1. Increase physical activity. A child needs about 60 minutes a day of play or 30 minutes of active play.
2. Decrease TV and exposure to food marketing. Food advertising is very seductive to children.
3. Make better food choices when planning family meals. Some examples include using 2% milk or low fat if your child is over 2 years of age. Don’t go totally fat free with most of your foods because children need fats to properly function. A plate should have half of its contents be fruits or vegetables. Snack time should be once per day in older children. Toddlers eat frequently and in small amounts but make their choices healthy ones. They will develop a taste for veggies and fruits if they are frequently exposed to these types of foods. Look for nutritional values in foods such as whole grain cereals, iron rich foods and calcium containing choices. Many obese kids are malnourished. Many are anemic because their food choices lack nutrients. These poor choices are called empty calories.
4. Breast Feed infants.
5. Get your school and other communities on board. Demand better school lunch, remove soda and junk food from vending machines. Soda has too much sugar and it inhibits calcium uptake in bones. Petition your school boards to mandate physical education for all students. In Cobb County, elementary and middle school children have required PE but high school students are only required to take 1 semester of PE in 4 years of high school.
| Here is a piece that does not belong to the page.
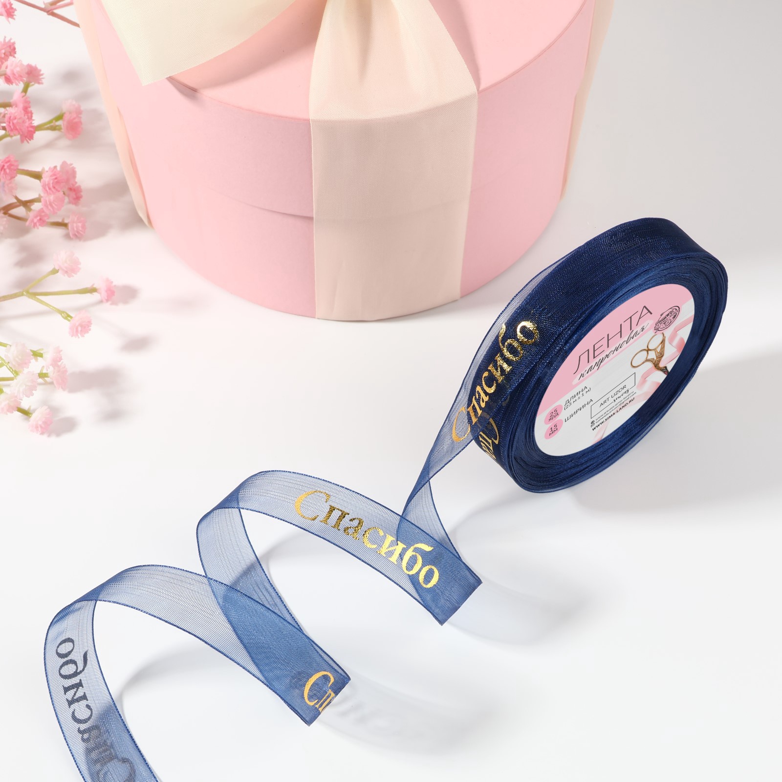 15 мм × 23 ± 1 м,"Спасибо" темно-синяя золотая с тиснением75.00

Yes, you read that correctly. Programs such as before and after school sports are available but not all children can participate in these programs. Reasons such as money, needing rides or babysitting responsibilities may prohibit kids from participating. Both parents work and that makes children more responsible for their own use of time and performing more chores around the house.
6. Walk with your child/children after dinner. You’ll get more than just physical activity from this excursion.
7. Educate yourself using the web with sites like Healthy People 2010, MyPyramid.gov and Let’smove.gov.
8. Always make your goals attainable and reasonable. Frustration can cause a back lash affect.
Most of all, preventing the problem and giving your child a good example is far better than treating obesity. By instilling proper eating habits from young, the stage is set for a lifetime of good nutrition. Overall health will be improved and quite possibly deter certain illnesses. If you are your child are obese, it is never too late to change. Stay well.